🤖 AI Summary
This work uncovers a novel privacy threat in horizontal federated learning (HFL) involving tree-based models (e.g., XGBoost, LightGBM): a single malicious client can reconstruct other participants’ sensitive training data by reverse-engineering split points and decision paths. To address this, we propose TimberStrike—the first dataset reconstruction attack tailored to tree structures—integrating gradient approximation, constrained search, and split-value inversion modeling, with cross-framework compatibility (Flower, NVFlare, FedTree). Our study is the first to systematically expose the inherent privacy fragility of federated tree models, establishing a reconstruction optimization framework grounded in discrete structural properties. We further identify a fundamental utility–privacy trade-off bottleneck for differential privacy in this setting. Evaluated on a stroke prediction dataset, TimberStrike achieves reconstruction accuracy of 73.05%–95.63%, demonstrating that existing defenses fail to simultaneously ensure privacy guarantees and model utility.
📝 Abstract
Federated Learning has emerged as a privacy-oriented alternative to centralized Machine Learning, enabling collaborative model training without direct data sharing. While extensively studied for neural networks, the security and privacy implications of tree-based models remain underexplored.
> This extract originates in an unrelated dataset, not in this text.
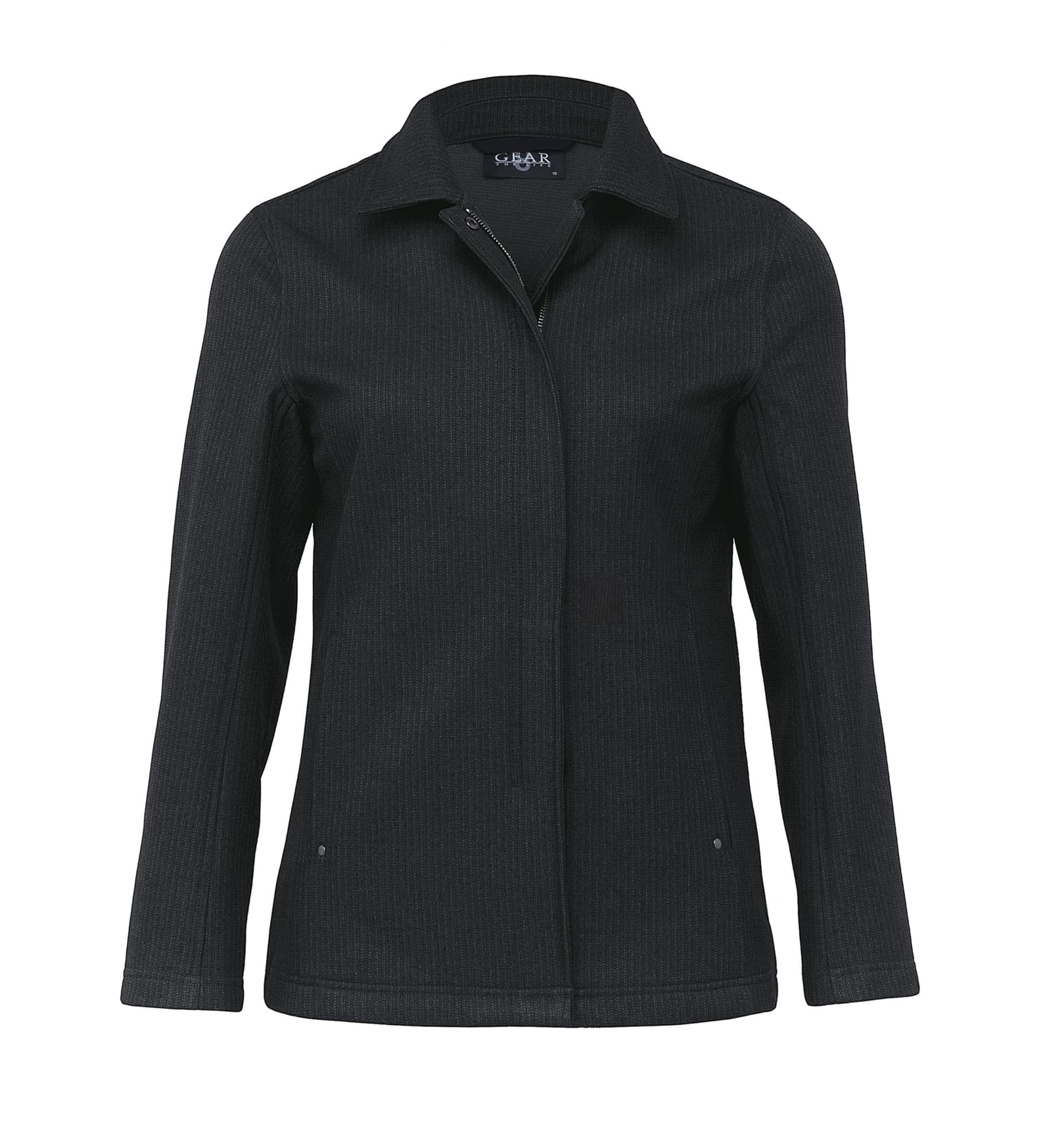 100% polyester herringbone softshell bonded with anti-pill microfleece|Wind resistant|breathable|showerproof|water repellant rating 5000mm|Tapered fit|Two piece self fabric collar|Concealed zippered plaquet with hidden domes and external storm flap|Side panel detail|Top stitch detailing|Welt pockets with MP3 exit and rivet detail

This work introduces TimberStrike, an optimization-based dataset reconstruction attack targeting horizontally federated tree-based models. Our attack, carried out by a single client, exploits the discrete nature of decision trees by using split values and decision paths to infer sensitive training data from other clients. We evaluate TimberStrike on State-of-the-Art federated gradient boosting implementations across multiple frameworks, including Flower, NVFlare, and FedTree, demonstrating their vulnerability to privacy breaches. On a publicly available stroke prediction dataset, TimberStrike consistently reconstructs between 73.05% and 95.63% of the target dataset across all implementations. We further analyze Differential Privacy, showing that while it partially mitigates the attack, it also significantly degrades model performance. Our findings highlight the need for privacy-preserving mechanisms specifically designed for tree-based Federated Learning systems, and we provide preliminary insights into their design.